Les propongo realizar un análisis tanto del Decreto de Necesidad y Urgencia (DNU) de manera somera, así como del mismo como precedente de la Ley Ómnibus que fue enviada al Congreso ayer desde el Poder Ejecutivo, abordando diversas aristas.
El DNU 70/2023, que incluye más de 360 medidas abarcando prácticamente todas las actividades humanas y afectando a la mayoría de los cuerpos normativos, incluso aspectos directamente contemplados en la Constitución, se presenta como una iniciativa inconstitucional. Es un DNU que no respeta los estándares establecidos, tanto que surgen del mismo texto limitativo, como es el artículo 99, inciso III, como también de los criterios de la Corte para justificar las excepciones.
Cabe recordar que en 1994, la reforma constitucional incorporó los Decretos de Necesidad y Urgencia a la Constitución con el propósito de limitar su uso. ¿Por qué? No podemos olvidar la experiencia de Carlos Menem, quien emitió más de 550 DNUs en sus 10 años de mandato. Por eso, en estas cláusulas, se establece como principio general que el Presidente, bajo pena de nulidad absoluta e insanable, tiene prohibido emitir disposiciones de carácter legislativo, salvo en circunstancias excepcionales que impidan el trámite normal de sanción de leyes. En tal caso, debe elevarse ese DNU a la Comisión Bicameral Permanente y excluye en todas circunstancias a cuatro materias: la materia penal, la materia fiscal, política y electoral. Como primera caracterización, vale decir que se toca un procedimiento del Código Aduanero y que, por lo tanto, está violando precisamente una materia prohibida.

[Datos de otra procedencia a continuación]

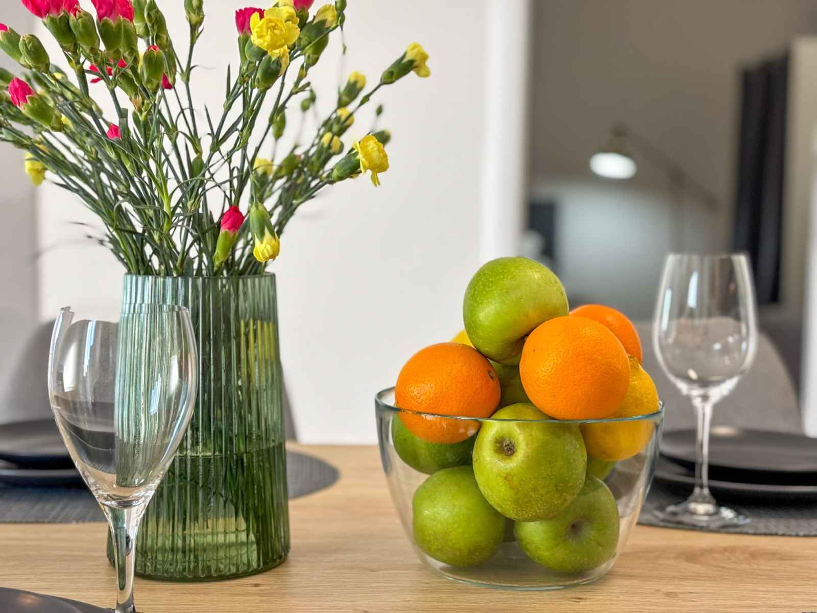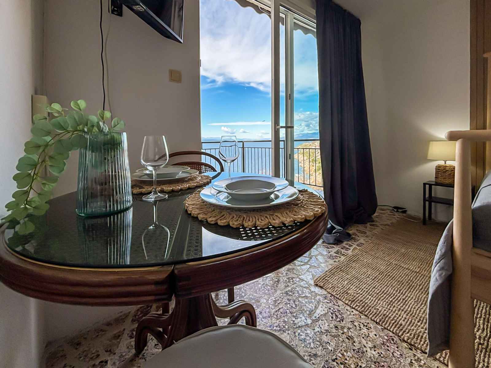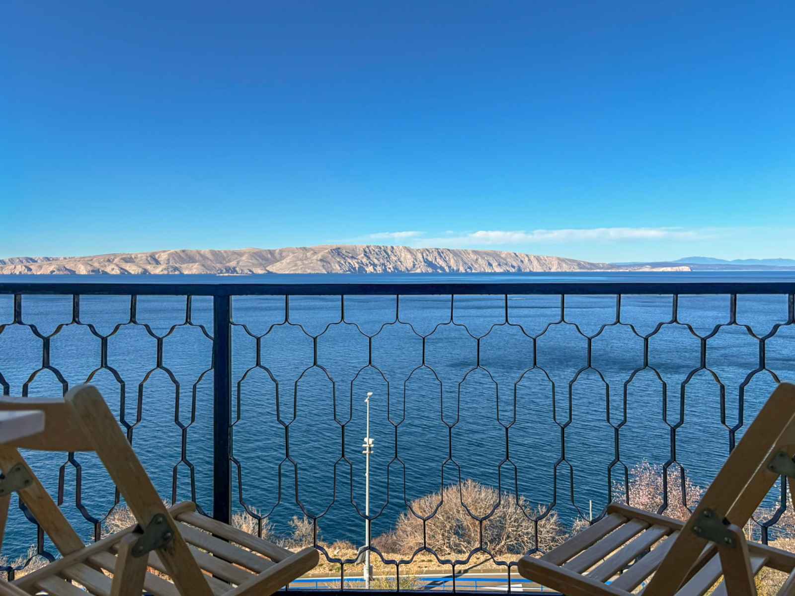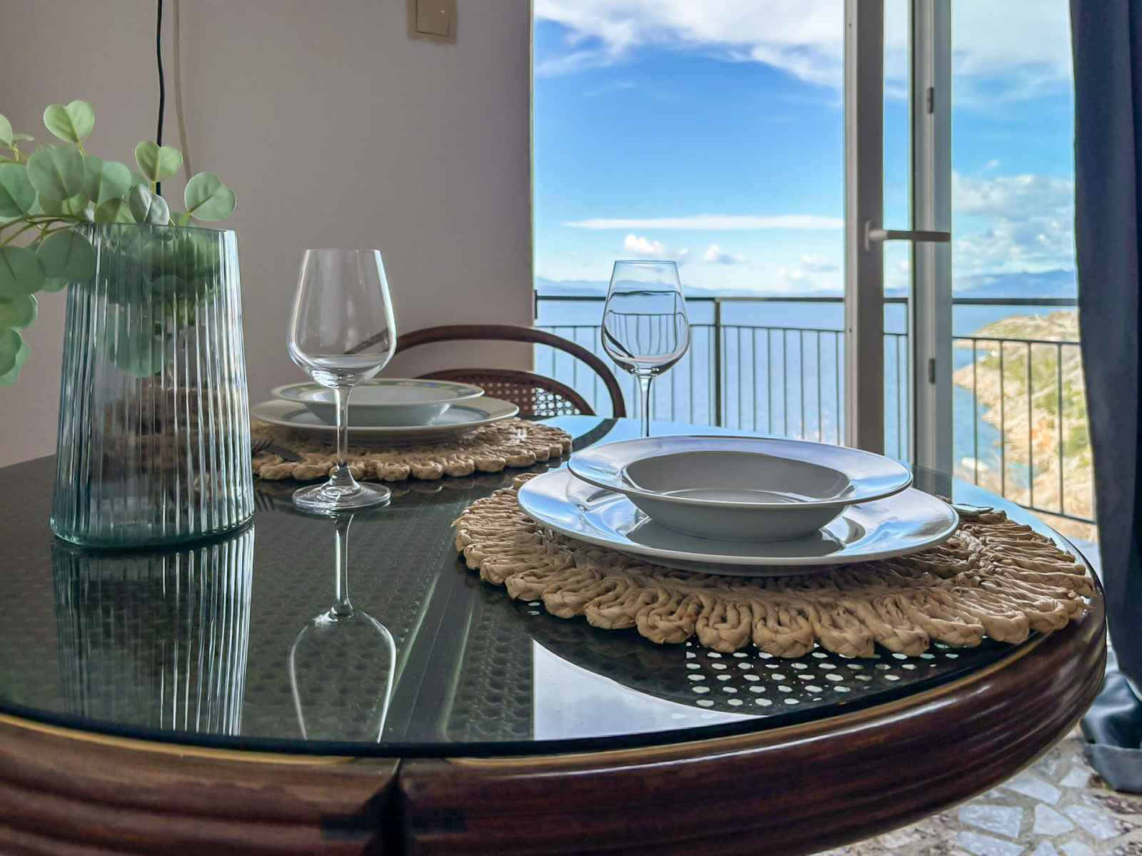 Sortie sur le balcon. 1 chambre avec 2 lits (80 cm, longueur 200 cm), air-conditionné. Cuisine ouverte (four, lave-vaisselle, 4 plaques vitrocéramiques, grille-pain, bouilloire électrique, micro-ondes, congélateur, cafetière électrique). Bain/WC, douche/WC. Pas de chauffage. Balcon 10 m2, terrasse 16 m2, terrasse 12 m2. Meubles de terrasse, mobilier de balcon. Belle vue panoramique sur la mer. A disposition: lave-linge, fer à repasser, lit bébé, sèche-cheveux. Internet (Connexion WIFI, gratuit). Veuillez noter: maison non-fumeur. Extincteur. L'appartement est constitué de 2 appartements au 2 étage loués comme un seul appartement. Un appartement: salon / chambre à coucher, cuisine ouverte. Deuxième appartement: salon / salle à manger, cuisine ouverte, 2 chambres.
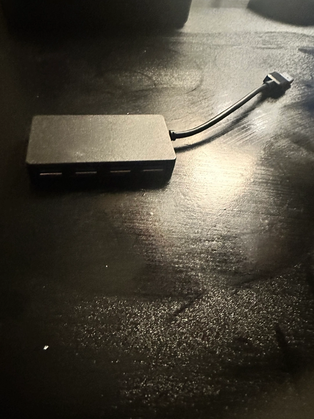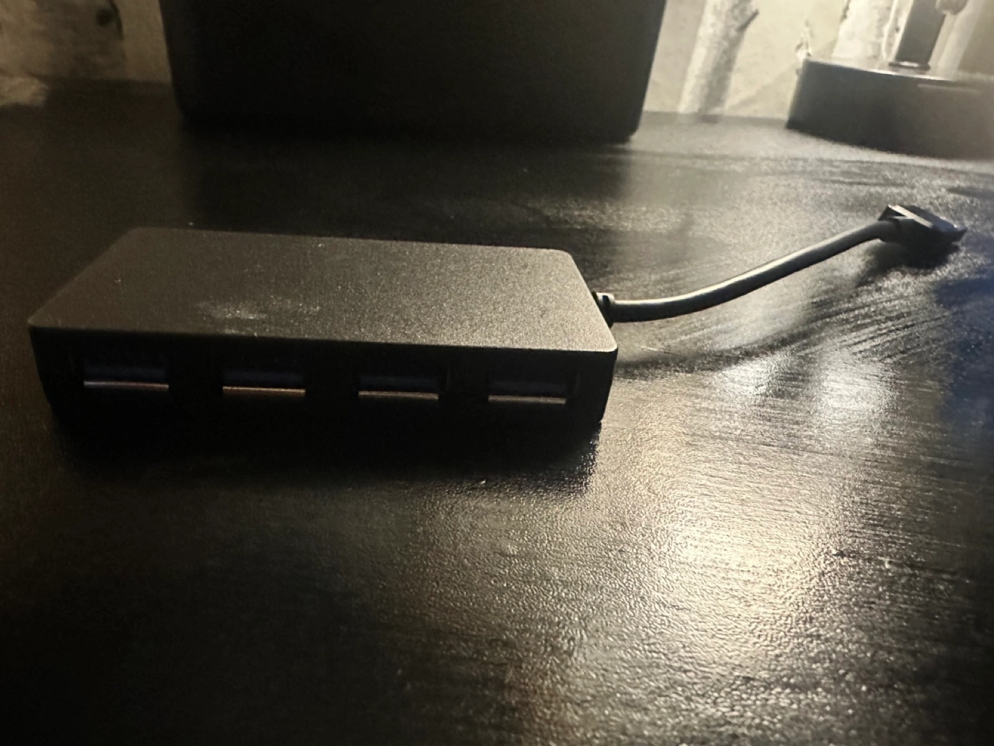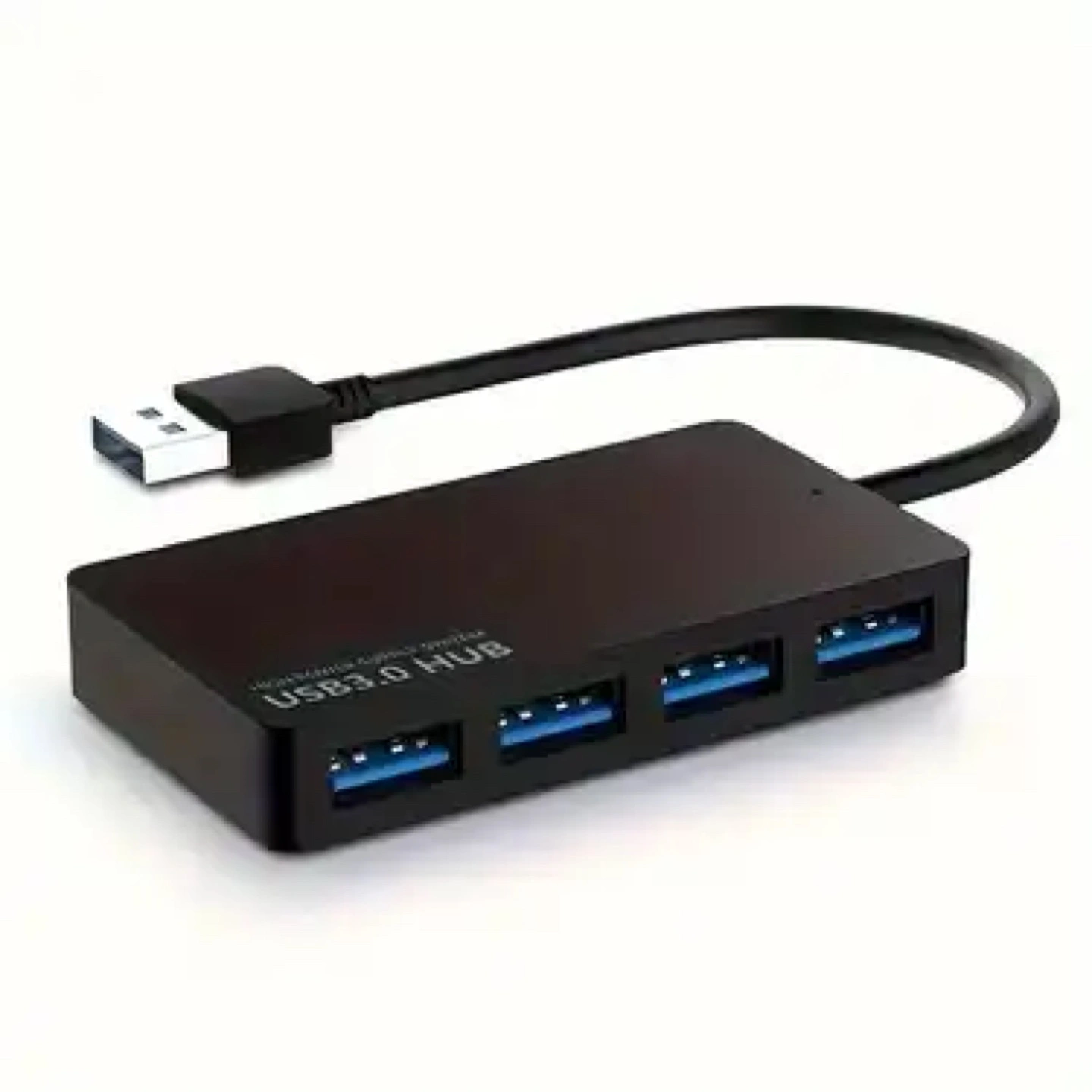 328Black USB 3.0 hub. Four ports. Compact design. Connects via USB-A cable.

Al examinar el proyecto de ley denominado “Bases y Puntos de Partida para la Libertad de los Argentinos”, cuyo título se inspira evidentemente en Juan Bautista Alberdi, una figura doctrinaria crucial en la redacción de la Constitución en 1853, surgen cuestiones aún mucho más preocupantes. ¿Y por qué digo esto? Sobre todo por las delegaciones legislativas que se le piden al Congreso. Están en el último artículo de estos 664. Lo crítico radica en la amplitud de las emergencias solicitadas en prácticamente todos los campos, por un período de dos años, que pueden ser prorrogables por otros dos años más. Si esto se concretase, en realidad estaríamos poniendo en manos de una sola persona la suma del poder público, es decir, el Congreso no va a existir, lo cerramos.

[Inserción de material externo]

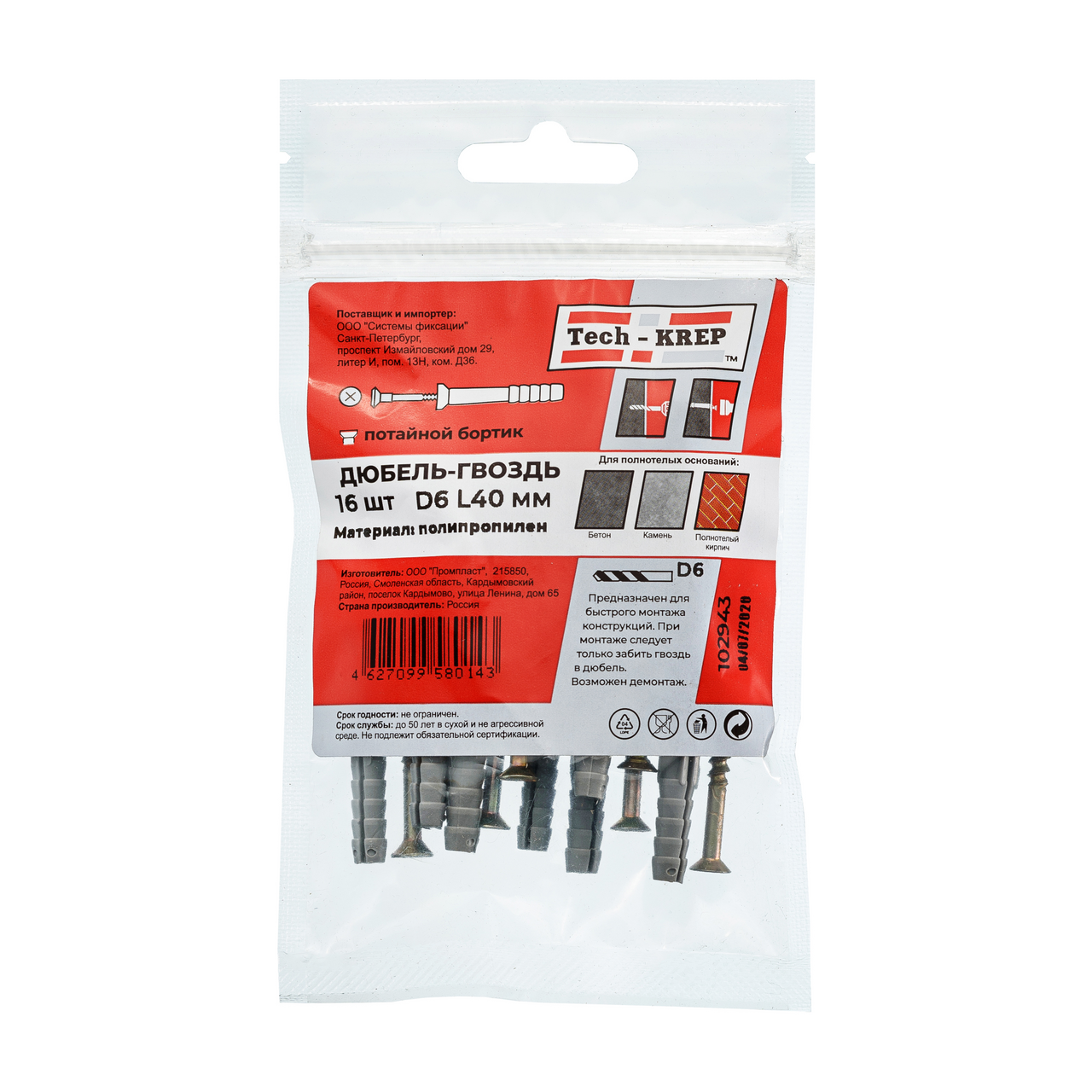 Дюбель-гвоздь потайной TECH-KREP 6х40, 16шт
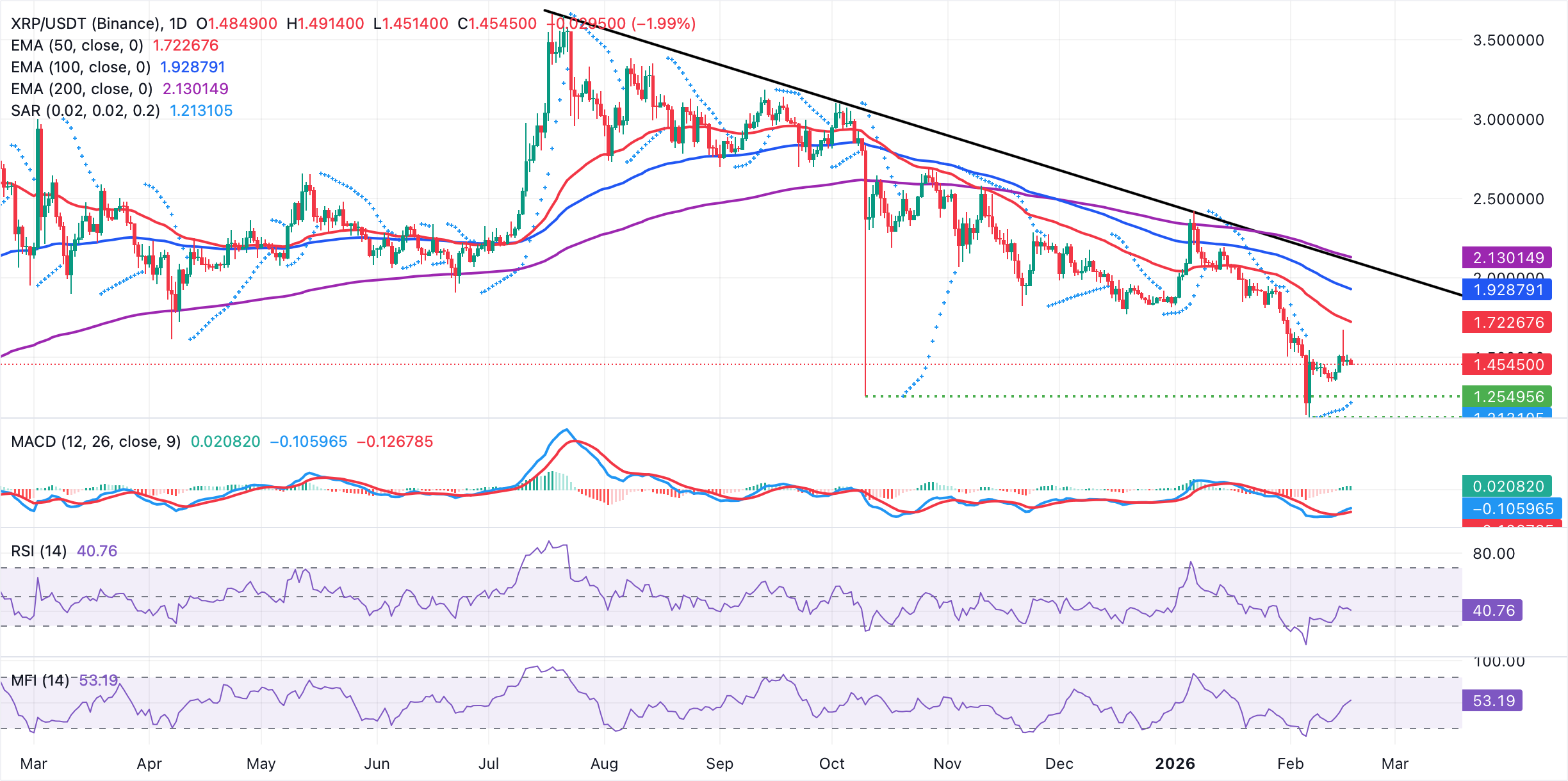 $XRP se mantiene por encima de 1.45$ mientras se sitúa muy por debajo de la media móvil exponencial (EMA) de 50 días en 1.72$, la EMA de 100 días en 1.93$ y la EMA de 200 días en 2.13$. Las tres medias móviles están descendiendo, confirmando una estructura técnica deteriorada y aumentando las probabilidades de prolongar la corrección en curso.

Junto con eso, se observa una importante reforma política que, según considero, incluye aspectos positivos como la Boleta Única de Papel, que transparenta los procesos electorales y previene trampas y fraudes, así como la eliminación de las elecciones Primarias, Abiertas, Simultáneas y Obligatorias (PASO). Siempre he mantenido una postura negativa respecto a las PASO, tanto por la prolongación del proceso electoral con la inseguridad jurídica que conlleva, como por la debilitación significativa de los partidos políticos, que ahora se refieren más a espacios que a partidos.

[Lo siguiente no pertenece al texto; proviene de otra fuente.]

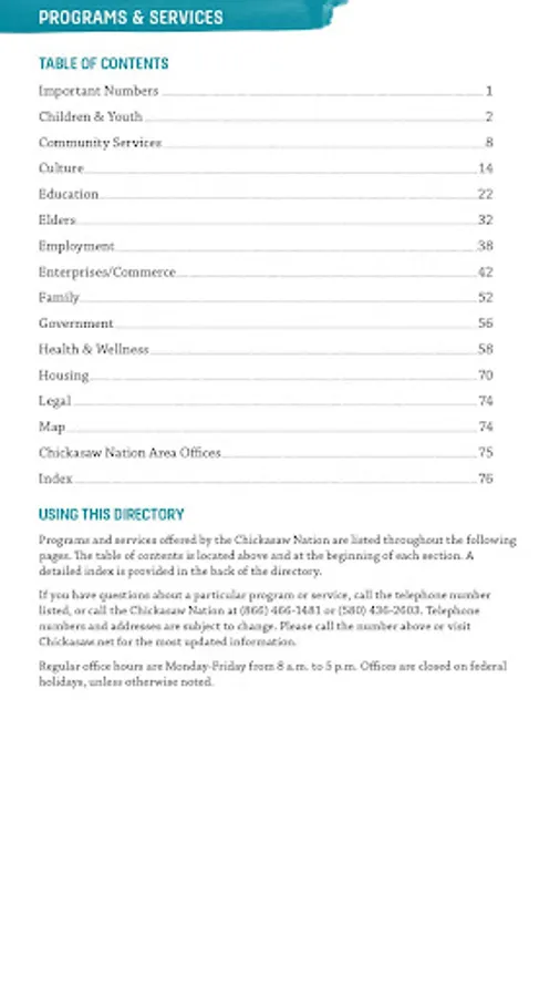 Chokma! The Chickasaw Nation brings you the electronic version of the Programs & Services Directory for Chickasaw citizens at-large (citizens or other Native Americans living outside the Chickasaw Nation boundary).
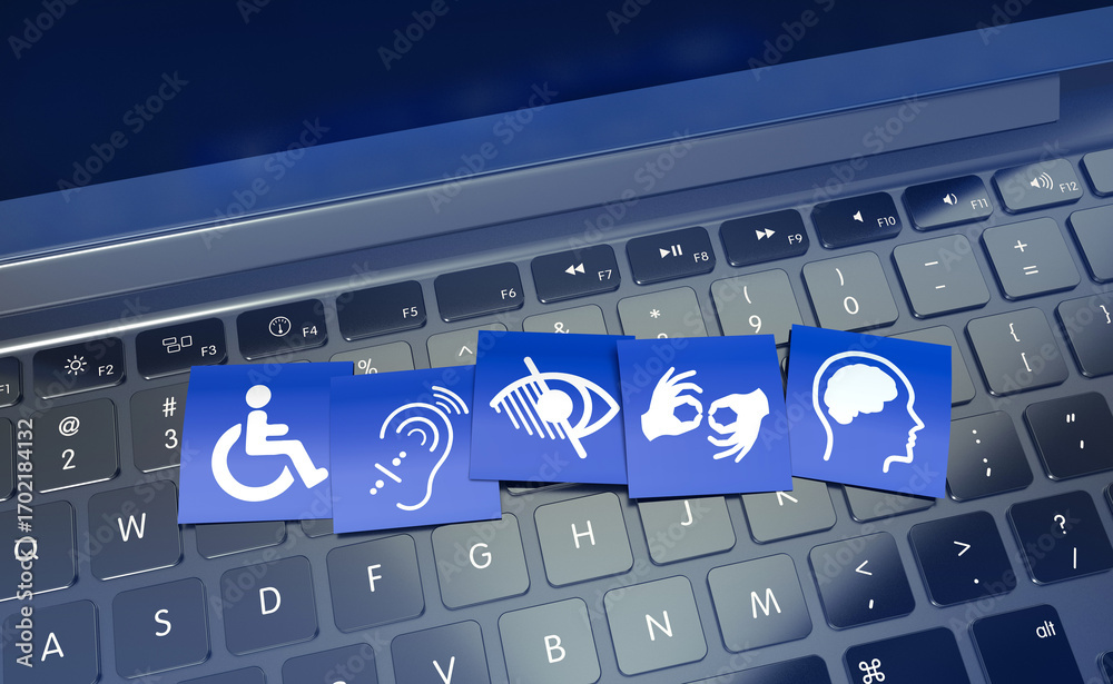 Fototapeta na wymiar - Accessibility Icons on a Laptop: A thought-provoking image of diverse accessibility icons neatly arranged on a laptop keyboard, representing various aspects of digital inclusivity in technology..

Por otro lado, en materia ambiental, hay una cantidad de propuestas que son alarmantes a mi modo de ver, especialmente en lo que respecta a los desmontes y a la Ley de Manejo del Fuego. Es decir, se permiten reformas a la Ley de Presupuestos Mínimos de Protección Ambiental de los Bosques Nativos, lo cual es sumamente preocupante, porque aún en aquellos que son más vulnerables, el propietario podría llevar a cabo dichos desmontes bajo ciertas circunstancias. Lo mismo sucede con la Ley de Presupuestos Mínimos sobre la Preservación de Glaciares y del Ambiente Periglacial. Sin lugar a dudas, se busca posibilitar la realización de actividades mineras incluso en zonas prohibidas para la minería, lo cual me parece sumamente regresivo.
En el ámbito cultural, la eliminación del Fondo Nacional de las Artes y del Fondo Nacional del Teatro son disposiciones extremadamente graves que van a dejar huérfano al país de organismos fundamentales, precisamente para la evolución del arte. Sin lugar a dudas aún hay muchas cosas más para observar, pero requiere hacerlo en sucesivos artículos, porque uno solo no alcanza.